Sous l’impulsion de Bartholomeus Spranger (1546-1611), artiste flamand qui, après avoir découvert le nouveau style artistique en Italie, le développa à la cour Royale de Prague, ce style se répandit dans toute l’Europe. Spranger entretenait des contacts avec Cornelis van Haarlem (1562-1638) et Hendrik Goltzius (1558-1617). P.P. Rubens (1577-1640) rendit visite à ses confrères de Haarlem en 1613. On constate certaines similitudes dans les compositions de Goltzius et les premières œuvres d’inspiration classique de Rubens. Frans Floris I (de Vriendt) (1519-1570) implanta l’allégorie mythologique dans la peinture à Anvers. L. Guicciardini et G. Vasari le considéraient déjà comme le plus grand parmi les peintres vivant aux Pays-Bas.

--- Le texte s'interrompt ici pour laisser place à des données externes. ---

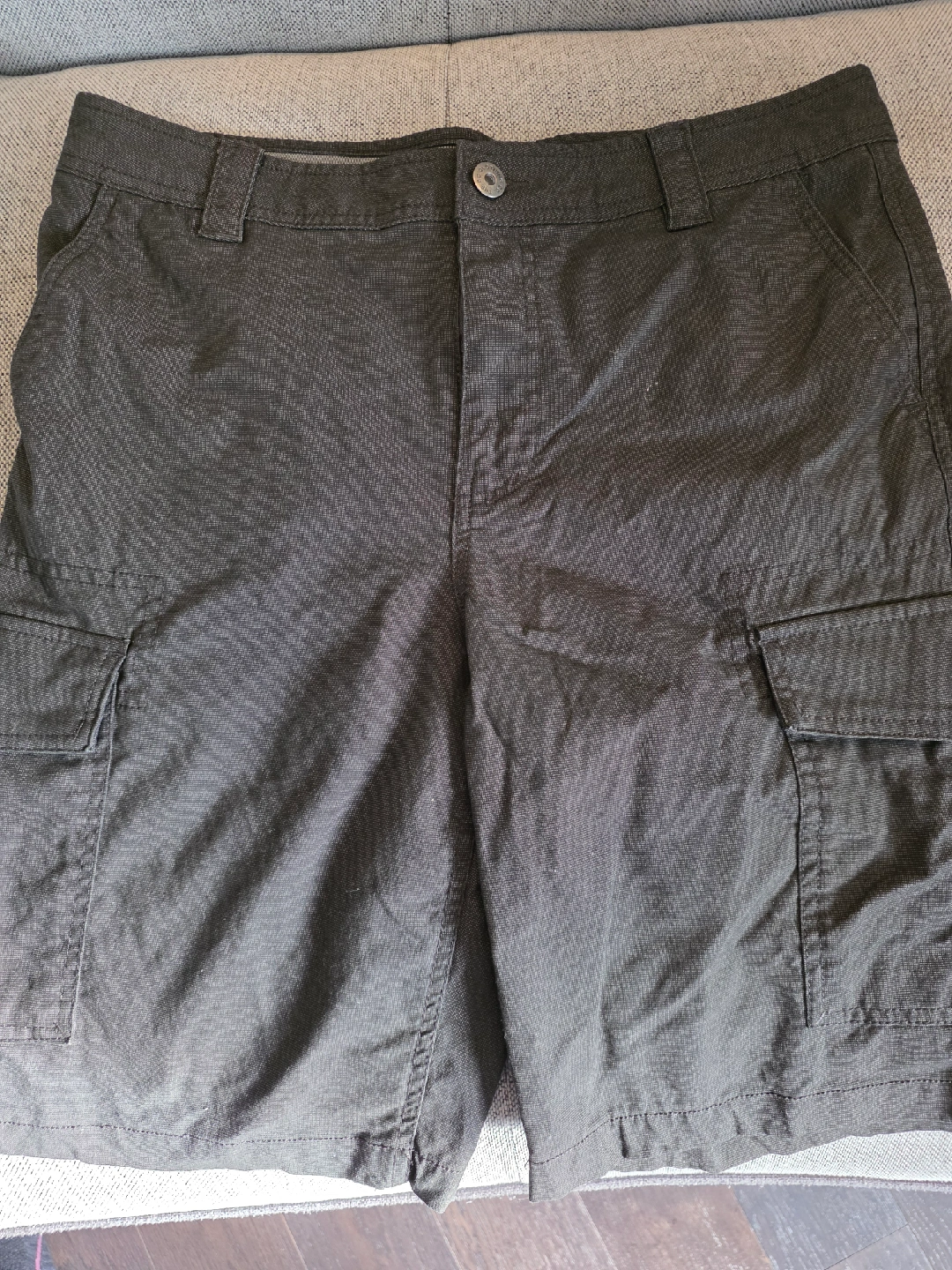 These are a pair of grey cargo shorts from The B Clothing Co. size 32. like new. Perfect for casual wear or outdoor activities!

D’autres chefs d’œuvres de la peinture de la Haute Renaissance sont de la main de Jacob de Backer (1545-1591), Abraham Bloemaert (1567-1651) Frans Francken II (1581-1642) Jacob de Geyn II (1565-1629), Pieter Isaacsz. (1569-1625), Karel van Mander (1548-1629) et Joachim Wtewael (1566-1638), Gillis van Cooninxloo (1544-1607)…

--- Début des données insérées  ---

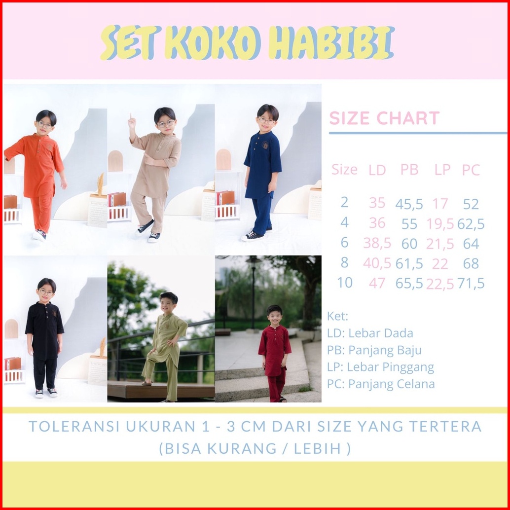 Setelan Koko Anak Habibi Junior Hooneybee Mix Warna Size 2-10 Tahun

Le maniérisme, qui ne couvre qu’une courte période dans l’histoire de l’art et rayonne du sud vers le nord, s’est vu noyé et submergé par le Baroque, style de réforme et contre-réforme et moyen de propagande pour l’autoritas ecclisia, et dans une époque également de spettacoli grandiosi. Les artistes sont relégués dans l’oubli et ne peuvent espérer que peu de reconnaissance des générations suivantes. Il faudra longtemps avant que le maniérisme ne retrouve considération.

Et ce sera de nouveau à Florence que l’impulsion sera donnée pour un style nouveau. Dans la même église où Brunelleschi avait construit la Vieille sacristie, qui porte déjà le germe d’une esthétique pré-renaissance, Michel Ange conçut cent ans plus tard la Nouvelle Sacristie avec le monument funéraire des Medici et, à l’étage supérieur, sa Biblioteca Laurenziana (1519-1534). Michel Ange fut mandé à Rome par Paul III et il y réalisa jusqu’à sa mort une série de commandes picturales et sculpturales qui prolongea l’intrusion du Baroque commencée à Florence. A partir de ce moment Rome devint de facto le centre du Baroque et elle va assurer la prédominance du stil nuovo dans toute sa gloire.